Despite holding substantial leads on Election Day, many Republican candidates in California saw their advantage shrink, and then disappear, as late arriving Democratic votes were counted in the weeks following the election. While no hard evidence is available, many observers point to the Democrats use of “ballot harvesting” as a key to their success in the elections.
“Anecdotally there was a lot of evidence that ballot harvesting was going on,” Neal Kelley, the registrar for voters in Southern California’s Orange County, told Fox News.
In Orange County – once seen as a Republican stronghold in the state– every House seat went to a Democrat after an unprecedented “250,000” vote-by-mail drop-offs were counted, the San Francisco Chronicle reported.
“People were carrying in stacks of 100 and 200 of them. We had had multiple people calling to ask if these people were allowed to do this,” Kelley said.

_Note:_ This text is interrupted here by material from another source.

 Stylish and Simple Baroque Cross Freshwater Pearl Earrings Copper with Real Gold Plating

Two years ago, California Gov. Jerry Brown signed into law AB1921, which legalized the so-called practice of “ballot harvesting.” Previously, only a family member or someone living in the same household was permitted to drop off mail ballots for a voter, but the new allowed anyone – including political operatives – to collect and return them for a voter.
California Democratic Assemblywoman Lorena Gonzalez did not respond to Fox News’ request for comment, but in the past Democrats in the state argued that the bill, which was passed on a party line vote, was meant to make it easier for people to vote.

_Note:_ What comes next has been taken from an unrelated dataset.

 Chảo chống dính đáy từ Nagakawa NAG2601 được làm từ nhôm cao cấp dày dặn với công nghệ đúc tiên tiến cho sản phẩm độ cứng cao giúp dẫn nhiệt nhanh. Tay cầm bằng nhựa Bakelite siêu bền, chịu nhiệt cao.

But following the drubbing they took in the midterms, some Republican leaders in Washington have expressed confusion over what happened in California.
“We were only down 26 seats (nationally) the night of the election and three weeks later, we lost basically every California race,” outgoing House Speaker Paul Ryan, R-Wisc., told the Washington Post. “Point being, when you have candidates that win the absentee ballot vote, win the day of the vote, and then lose three weeks later because of provisionals, that’s really bizarre.”
Ryan added: “When you win the absentee ballots and you win the in-person vote, where I come from, you win the election…I’m not saying there’s anything nefarious about it, because I just don’t know, but we believed we were up about six seats in California the night of the election, now I think we lost just about every single one of those.”
While Ryan may have been taken off guard by the system in California, the state’s GOP was not.
“To say we were caught flat-footed by this is just not true,” Matt Fleming, a spokesman for the California GOP, told Fox News. “We were well aware of this, we even did it ourselves, we pay attention to election laws.”
Echoing Ryan, Fleming blamed the GOP’s losses in California on changing demographics in the state, a large cash infusion for Democratic candidates and a heightened enthusiasm among the Democratic base in the run-up to the election.
“Democrats’ desire to send a message to the president and the blue wave that occurred everywhere but in the US Senate, really affected the outcome,” he said.
Democrats say that ballot harvesting was only part of a larger ground game they employed to help win over voters in California.
“We beat Republicans on the ground, fair and square,” Katie Merrill, a Democratic consultant, told the San Francisco Chronicle. “Many of the field plans included [ballot harvesting] as an option to deliver voters or their ballots” to the polls.
In one anecdote, Democratic volunteers in Orange County visited a home four times to speak with the owner’s 18-year-old daughter – a no preference voter – to see if she wanted them to pick up her ballot for her.
“We were not wasting time talking to people who weren’t going to vote for Democrats,” Merrill said.
Despite being stung by the Democratic ground game and ballot harvesting moves, some Republicans admitted they were – at least a little bit – impressed by how the Democrats pulled off their near sweep of the House in California.
“I have a little bit of professional admiration for how well the Democrats executed their plan,” Dale Neugebauer, a longtime Republican strategist, told the Chronicle.
“The Democrats are creating a new, highly efficient tool to turn out voters,” Neugebauer added. “If Republicans can’t find a way to match it, we’re going to lose more elections all over the country.”